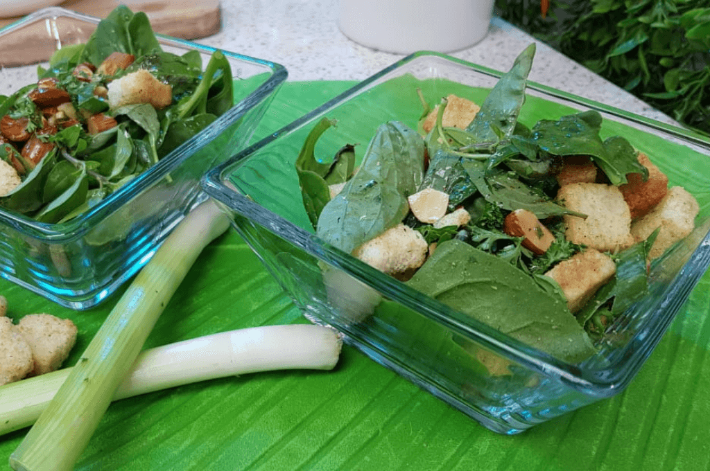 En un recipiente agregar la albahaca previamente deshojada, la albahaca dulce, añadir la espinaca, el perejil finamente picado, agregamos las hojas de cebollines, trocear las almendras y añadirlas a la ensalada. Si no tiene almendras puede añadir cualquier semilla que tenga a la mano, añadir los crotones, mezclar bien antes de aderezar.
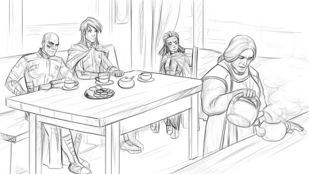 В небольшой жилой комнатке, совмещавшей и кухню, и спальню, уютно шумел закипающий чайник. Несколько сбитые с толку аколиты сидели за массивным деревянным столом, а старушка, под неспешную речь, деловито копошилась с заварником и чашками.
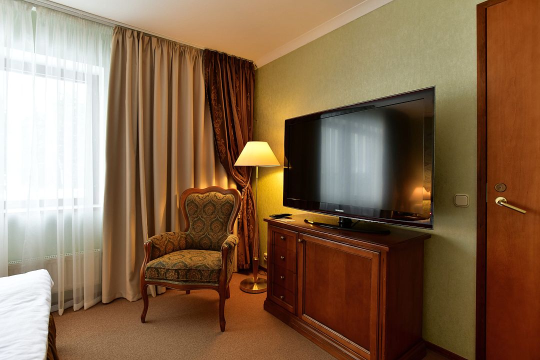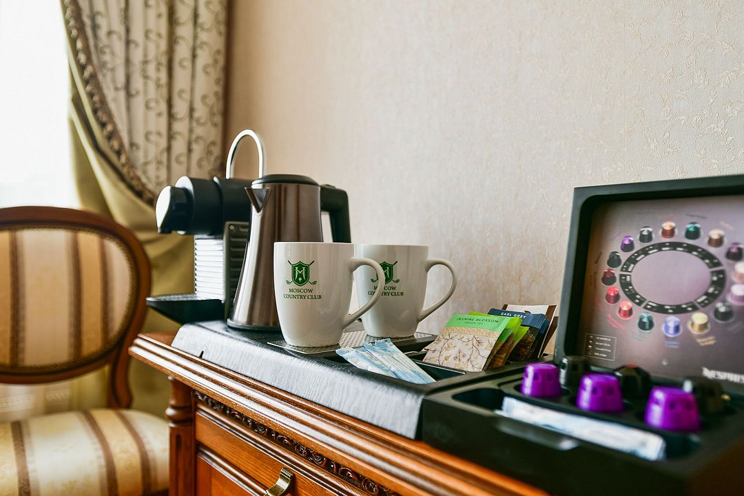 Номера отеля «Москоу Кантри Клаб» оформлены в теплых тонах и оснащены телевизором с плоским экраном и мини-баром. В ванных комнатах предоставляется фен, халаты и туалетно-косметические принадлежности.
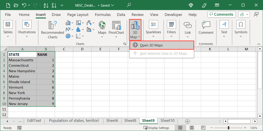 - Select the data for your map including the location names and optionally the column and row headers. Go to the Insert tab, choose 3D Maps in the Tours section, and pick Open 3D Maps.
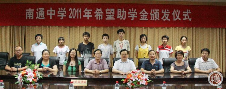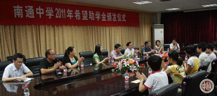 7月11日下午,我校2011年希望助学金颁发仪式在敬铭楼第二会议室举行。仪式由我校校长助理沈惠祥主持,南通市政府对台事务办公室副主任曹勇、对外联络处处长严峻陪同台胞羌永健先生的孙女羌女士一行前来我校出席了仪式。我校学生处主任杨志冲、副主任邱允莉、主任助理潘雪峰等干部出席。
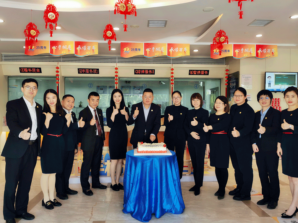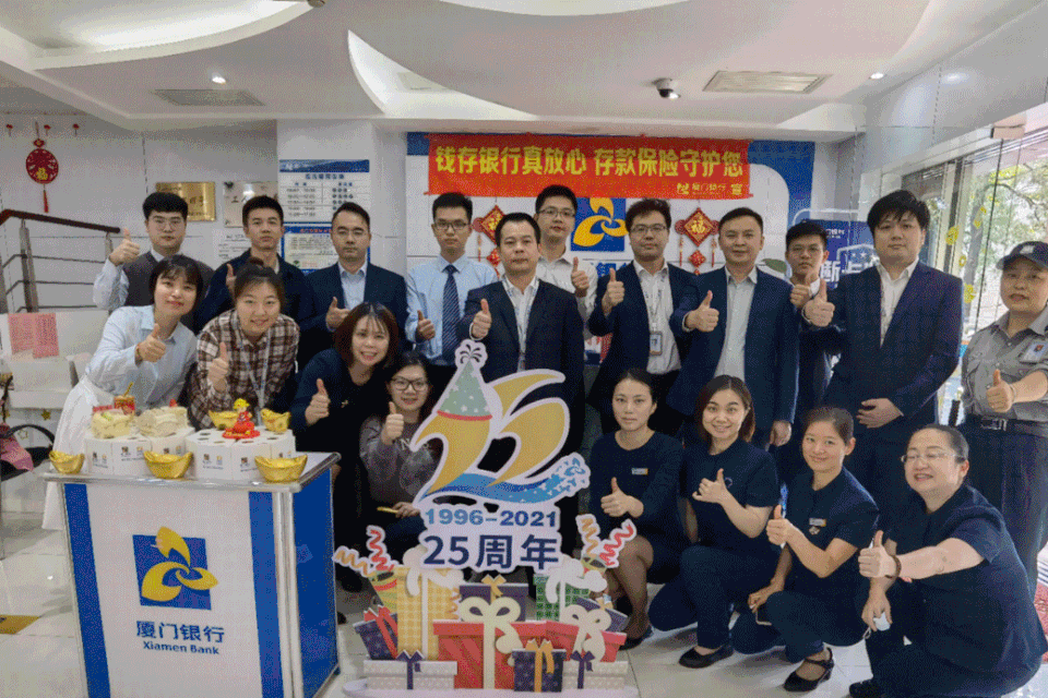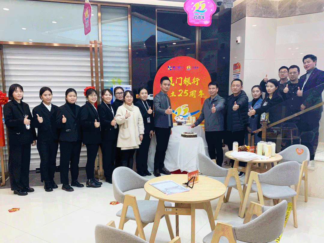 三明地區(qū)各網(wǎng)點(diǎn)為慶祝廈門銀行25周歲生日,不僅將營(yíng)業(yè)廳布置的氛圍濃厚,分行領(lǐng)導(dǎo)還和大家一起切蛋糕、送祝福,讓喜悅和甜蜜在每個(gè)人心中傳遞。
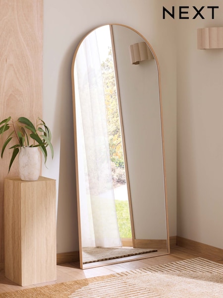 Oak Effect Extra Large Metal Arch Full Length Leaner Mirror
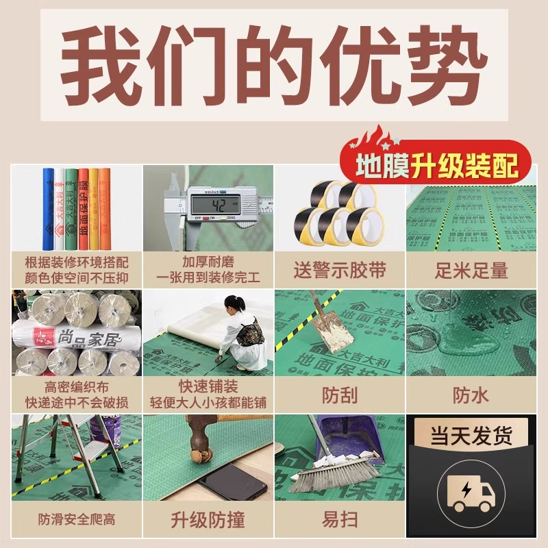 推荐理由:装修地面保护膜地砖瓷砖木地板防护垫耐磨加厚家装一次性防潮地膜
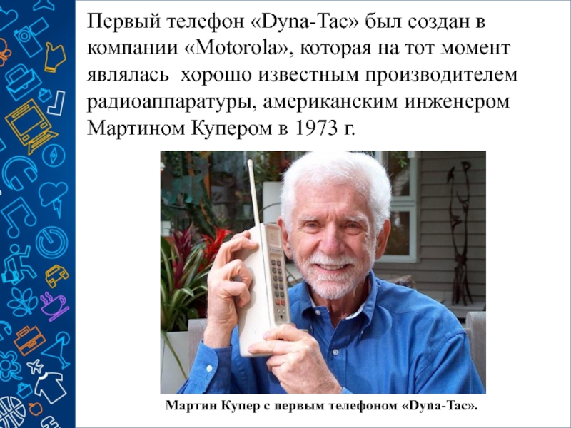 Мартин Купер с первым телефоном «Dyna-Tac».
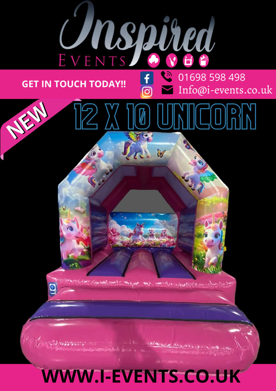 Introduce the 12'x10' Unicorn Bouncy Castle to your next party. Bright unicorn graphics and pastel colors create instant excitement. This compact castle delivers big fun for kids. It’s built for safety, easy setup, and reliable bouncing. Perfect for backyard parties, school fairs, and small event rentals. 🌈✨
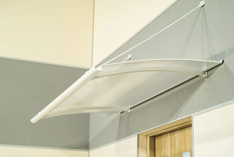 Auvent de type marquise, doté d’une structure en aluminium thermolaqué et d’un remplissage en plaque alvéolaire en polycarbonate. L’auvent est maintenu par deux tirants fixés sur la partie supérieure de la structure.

* * *

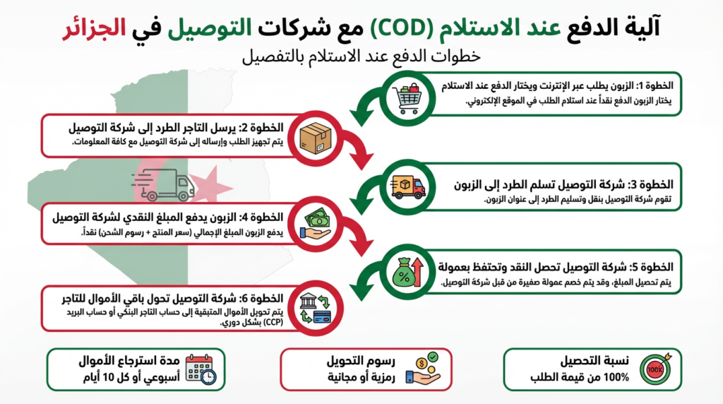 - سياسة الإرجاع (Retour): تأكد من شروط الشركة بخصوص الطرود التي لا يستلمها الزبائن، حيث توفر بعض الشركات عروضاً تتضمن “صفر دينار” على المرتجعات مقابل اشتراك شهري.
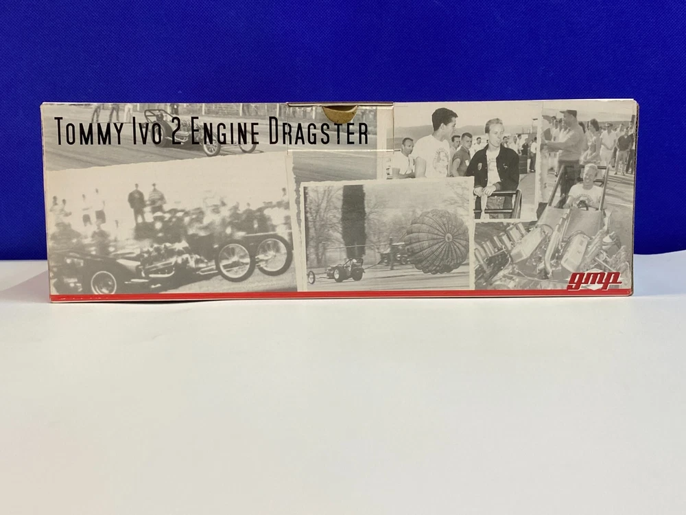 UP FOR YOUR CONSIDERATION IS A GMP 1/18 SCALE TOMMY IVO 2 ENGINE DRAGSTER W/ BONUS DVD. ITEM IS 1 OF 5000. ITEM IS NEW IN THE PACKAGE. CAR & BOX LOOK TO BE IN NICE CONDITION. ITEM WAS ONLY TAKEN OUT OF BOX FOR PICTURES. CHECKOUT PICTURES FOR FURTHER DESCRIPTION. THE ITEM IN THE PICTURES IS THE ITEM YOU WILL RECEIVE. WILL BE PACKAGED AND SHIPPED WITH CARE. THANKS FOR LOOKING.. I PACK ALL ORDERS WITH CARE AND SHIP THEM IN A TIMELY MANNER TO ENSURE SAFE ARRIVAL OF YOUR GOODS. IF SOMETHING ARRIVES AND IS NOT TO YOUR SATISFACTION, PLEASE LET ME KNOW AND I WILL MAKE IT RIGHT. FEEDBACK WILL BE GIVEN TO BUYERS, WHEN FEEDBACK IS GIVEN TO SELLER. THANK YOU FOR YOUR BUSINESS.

...

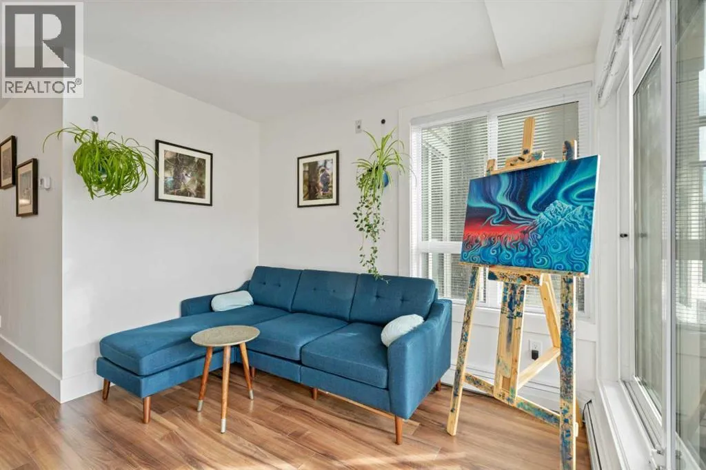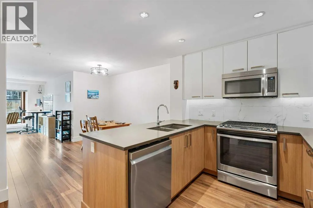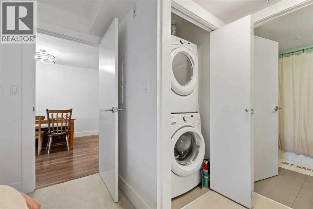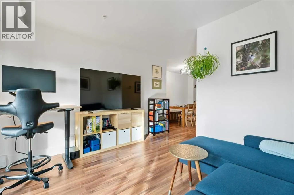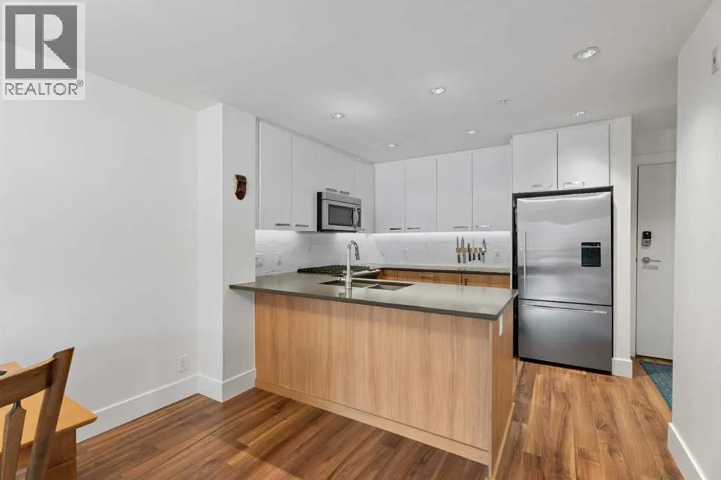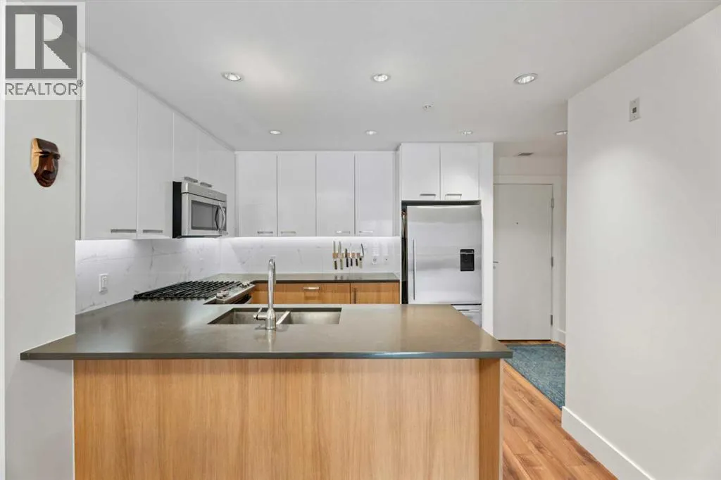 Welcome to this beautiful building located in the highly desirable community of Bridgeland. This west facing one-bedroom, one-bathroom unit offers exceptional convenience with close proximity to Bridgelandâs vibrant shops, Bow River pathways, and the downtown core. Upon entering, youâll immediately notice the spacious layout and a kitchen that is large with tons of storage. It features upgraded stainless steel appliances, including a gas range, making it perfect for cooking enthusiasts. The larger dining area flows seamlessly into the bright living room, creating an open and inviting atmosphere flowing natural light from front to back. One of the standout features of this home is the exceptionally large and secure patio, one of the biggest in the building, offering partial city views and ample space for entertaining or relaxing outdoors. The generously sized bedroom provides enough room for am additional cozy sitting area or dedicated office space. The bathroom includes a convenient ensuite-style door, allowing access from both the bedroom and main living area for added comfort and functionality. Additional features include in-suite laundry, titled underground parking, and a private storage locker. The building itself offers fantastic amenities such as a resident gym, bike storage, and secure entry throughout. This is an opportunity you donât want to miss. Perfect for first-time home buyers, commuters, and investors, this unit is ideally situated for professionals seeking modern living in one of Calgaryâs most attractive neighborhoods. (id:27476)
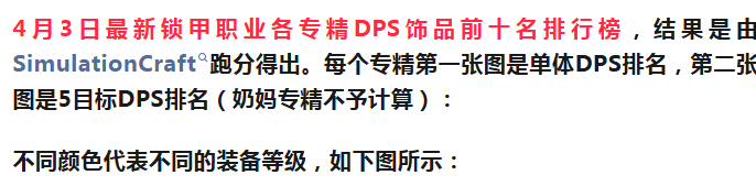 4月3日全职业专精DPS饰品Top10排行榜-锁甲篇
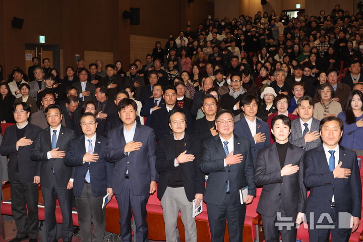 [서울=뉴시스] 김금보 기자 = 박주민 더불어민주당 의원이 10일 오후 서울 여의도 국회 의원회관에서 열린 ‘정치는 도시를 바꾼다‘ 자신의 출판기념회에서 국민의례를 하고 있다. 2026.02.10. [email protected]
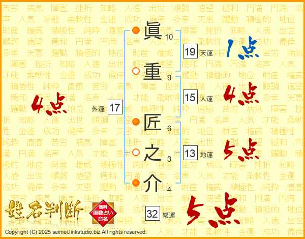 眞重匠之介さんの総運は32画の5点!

▶ Goal of the exercise
Reproduce the data above exactly, but only from the line containing "[서울=뉴시스] 김금보 기자" through the line containing "眞重匠之介さんの総運は32画の5点!"; skip the pictures.

▶ Solution
 [서울=뉴시스] 김금보 기자 = 박주민 더불어민주당 의원이 10일 오후 서울 여의도 국회 의원회관에서 열린 ‘정치는 도시를 바꾼다‘ 자신의 출판기념회에서 국민의례를 하고 있다. 2026.02.10. [email protected]
 眞重匠之介さんの総運は32画の5点!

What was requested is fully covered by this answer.